Skin cancer is a malignant tumor of the skin, and it has become a prominent public health threat [1]. It could be divided into fatal malignant melanoma and less deadly non-melanoma [2]. Non-melanoma skin cancer (NMSC) is the most common type, representing about 1/3 of all malignancies diagnosed worldwide yearly [3]. NMSC is the most common malignancy in people with fair skin, including basal cell carcinoma (BCC) and squamous cell carcinoma (SCC) [4]. It is not suitable for surgical treatment, adjunctive care, or palliative care. It is usually treated with radiotherapy [5, 6]. With an aging population, the incidence attributable to NMSC is increasing [7, 8]. It was estimated that the national health service spent 180 million pounds in 2020 [3]. The average annual cost of treating melanoma in the United States was estimated at $3.3 billion from 2007 to 2011, and the average annual cost of treating NMSC was estimated at $4.8 billion, for a total of $8.1 billion [9]. Current research shows that prevention helps reduce the disease burden, so prevention efforts are positive from every perspective [10]. Therefore, it is urgent to understand the global trend of NMSC. The purpose is to help formulate relevant health policies and guide the practice, prevention, and management of NMSC.

Currently, studies on NMSC mainly focus on clinical treatment [5, 11, 12], and few studies measures the disease burden of NMSC. Aggarwal assessed the burden of skin cancer in the United States from 1990 to 2019. The results showed an increase in the incidence and prevalence of melanoma, BCC, and SCC [9]. Pondicherry reported the incidence of NMSC in the Auckland region of New Zealand [13]. Cakir presented incidence and health care costs for NMSC from Australia, the United States, and Europe.

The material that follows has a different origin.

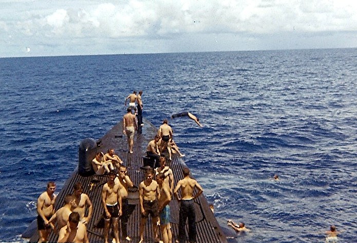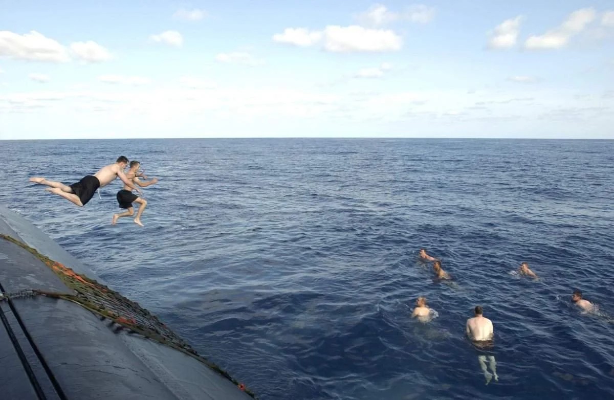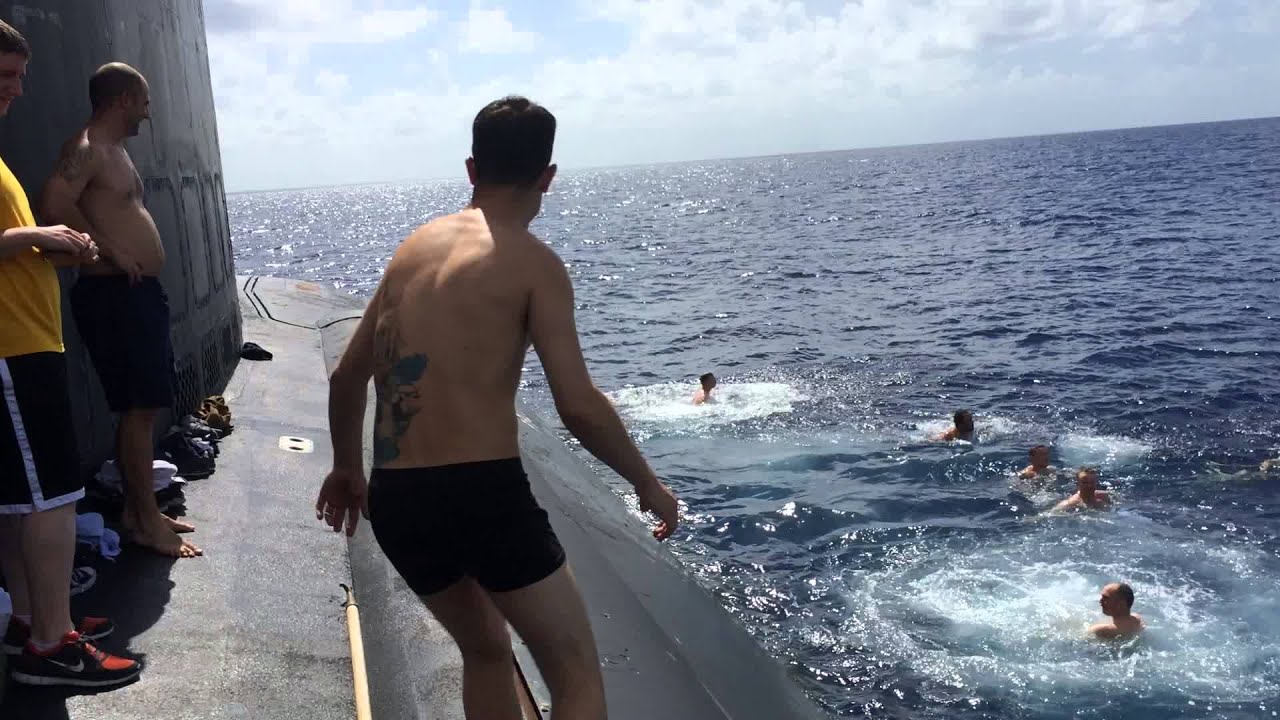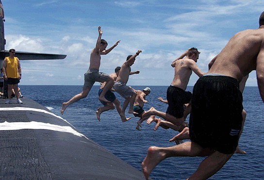 Παράδοση στον κόσμο των υποβρυχίων, αν και δεν γίνεται συχνά, είναι, τι άλλο, μια ωραία βουτιά από το σκάφος στην απέραντη θάλασσα. Η ανάπαυλα για τα πληρώματα που ζουν εβδομάδες στον μικροσκοπικό χώρο ενός υποβρυχίου είναι καλοδεχούμενη και συνδυάζεται με ηλιοθεραπεία, φαγητό και γενική ευθυμία. Καμμιά φορά βέβαια χρειάζεται να είναι κάποιος σε επιφυλακή με ένα όπλο μήπως εμφανιστεί καρχαρίας, αλλά αυτά είναι δευτερεύοντα!

Additionally, he noted that NMSC ranked fifth in cost of care after prostate, lung, colon, and breast cancers [14]. However, these studies were only limited to some countries, and no studies had comprehensively assessed the global disease burden caused by NMSC. When population health measurements are more complex, it is essential to provide a comprehensive assessment of health losses caused by NMSC, with detailed analysis by sex, Global Burden of Disease (GBD) region, economic level, and types.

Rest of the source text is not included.